_WHAT IS NEEDED_
Could you give back exactly the lines below from the one with "Quintrex 450 Top" through the one with "100% Over Proof", without a single picture?

_AVAILABLE DATA_
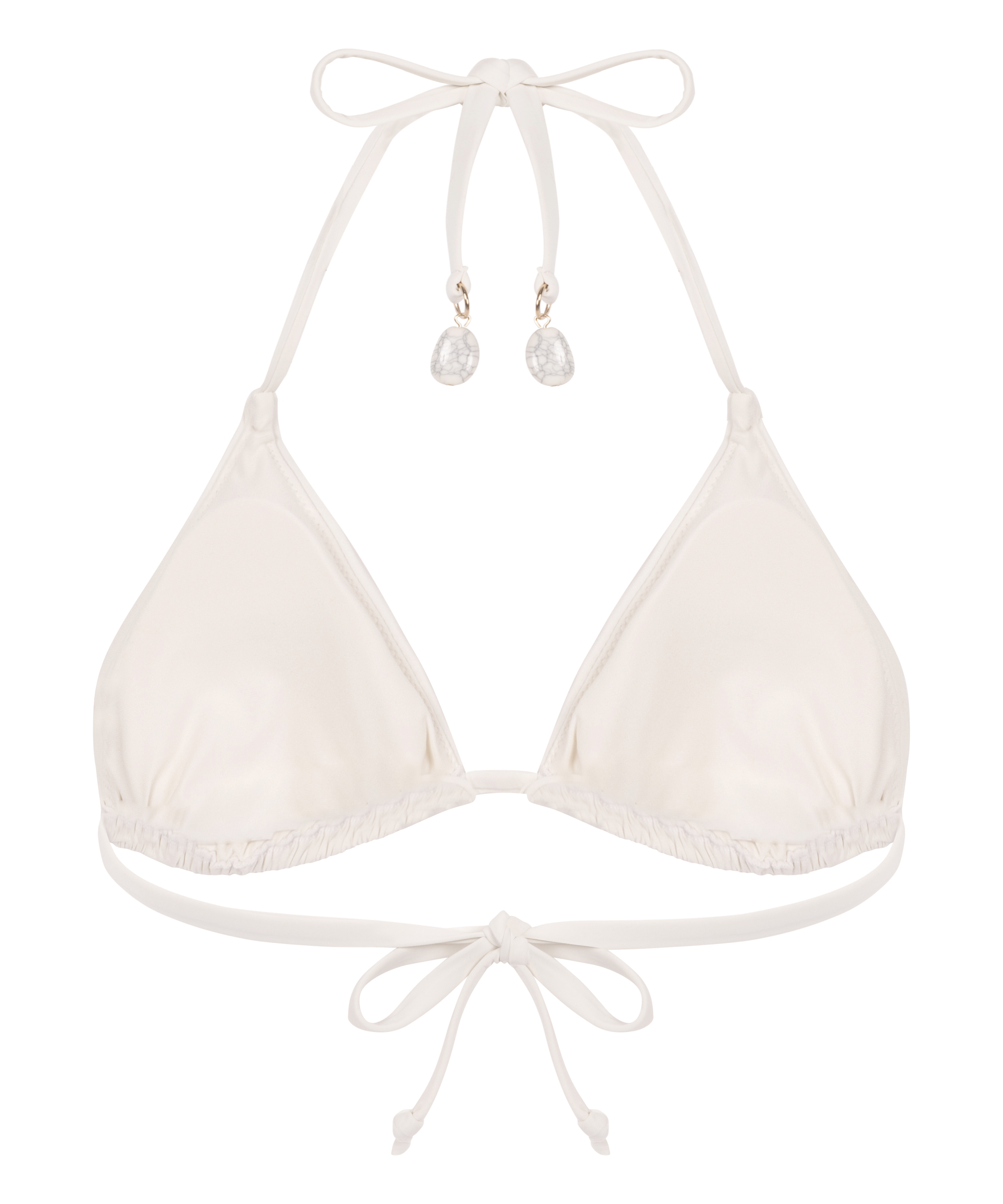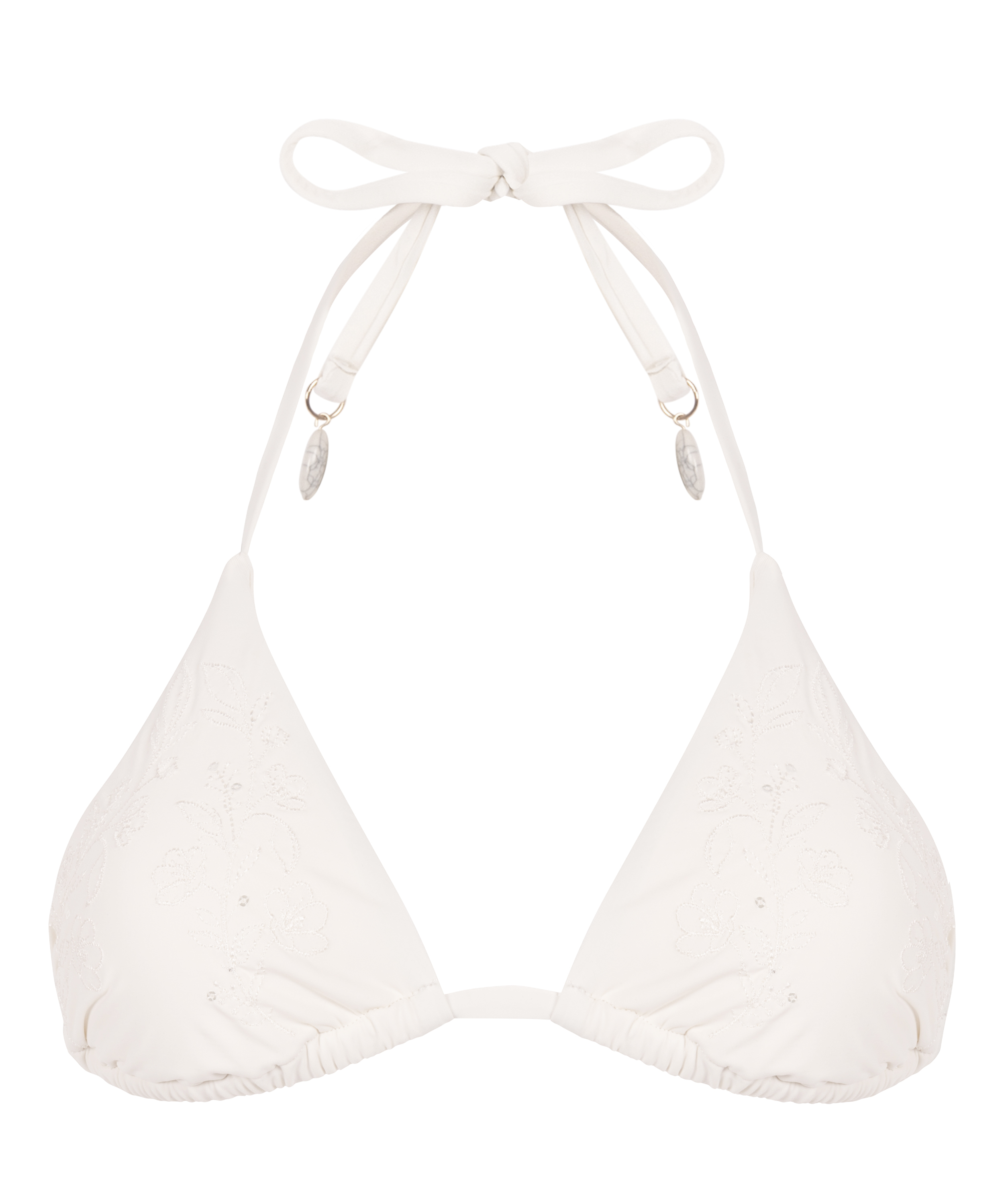 Løft badetøyet ditt med denne delikate trekanttoppen, designet for en smigrende og uanstrengt passform. De glitrende blomsterdetaljene gir et elegant preg og fanger lyset på en vakker måte. Kombiner den med matchende underdeler for en koordinert og iøynefallende strandlook! Våre trekant-bikinioverdeler er fullt justerbare med knyting i nakken og på ryggen, slik at du kan velge ønsket dekning. Ønsker du mer dekning, anbefaler vi å gå opp én størrelse.
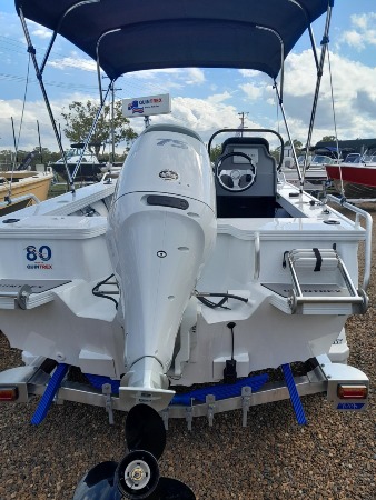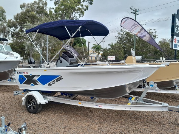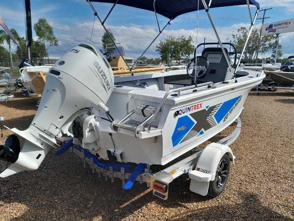 Quintrex 450 Top Ender, Blade Hull and Flared Bow for Smoothest Driest Ride in its Class, White Suzuki lean burn 75HP outboard on a Quintrex 1,100kg ATM Aluminium I beam Braked Trailer. Garmin EchoMap 95sv GPS/Sounder with a GT54 transducer. This is a great fishing or family boat rated to 5 people. FOR SALE $47,700. This is a great package if you love your fishing.
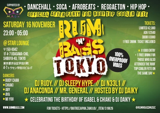100% Over Proof Vibes, "Rum N Bass" will be back at Star Lounge Shibuya on the 16th of November.
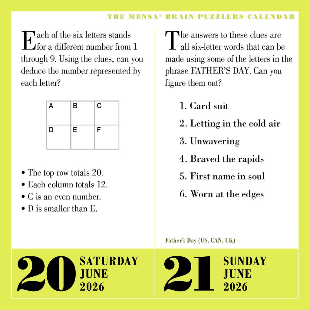 DÉMARREZ VOTRE JOURNÉE PAR UN DÉFI : Stimulez votre esprit avec un mélange dynamique de jeux de mots, de problèmes de chiffres, d’énigmes logiques et autres casse-têtes cérébraux. UN CADEAU GÉNIAL : Ce calendrier est idéal pour tous ceux qui souhaitent développer leurs capacités intellectuelles et stimuler leur cerveau ; un cadeau de Mensa, c’est la preuve de votre intelligence. Parfait pour la famille, les amis, les enseignants ou tout intellectuel de votre entourage ! MAINTENANT SANS PLASTIQUE ! : Les calendriers Page-A-Day® sont écologiques ! Imprimés sur du papier issu de sources responsables et 100 % recyclable, avec un support en carton robuste.

_EXERCISE OUTPUT_
 Quintrex 450 Top Ender, Blade Hull and Flared Bow for Smoothest Driest Ride in its Class, White Suzuki lean burn 75HP outboard on a Quintrex 1,100kg ATM Aluminium I beam Braked Trailer. Garmin EchoMap 95sv GPS/Sounder with a GT54 transducer. This is a great fishing or family boat rated to 5 people. FOR SALE $47,700. This is a great package if you love your fishing.
100% Over Proof Vibes, "Rum N Bass" will be back at Star Lounge Shibuya on the 16th of November.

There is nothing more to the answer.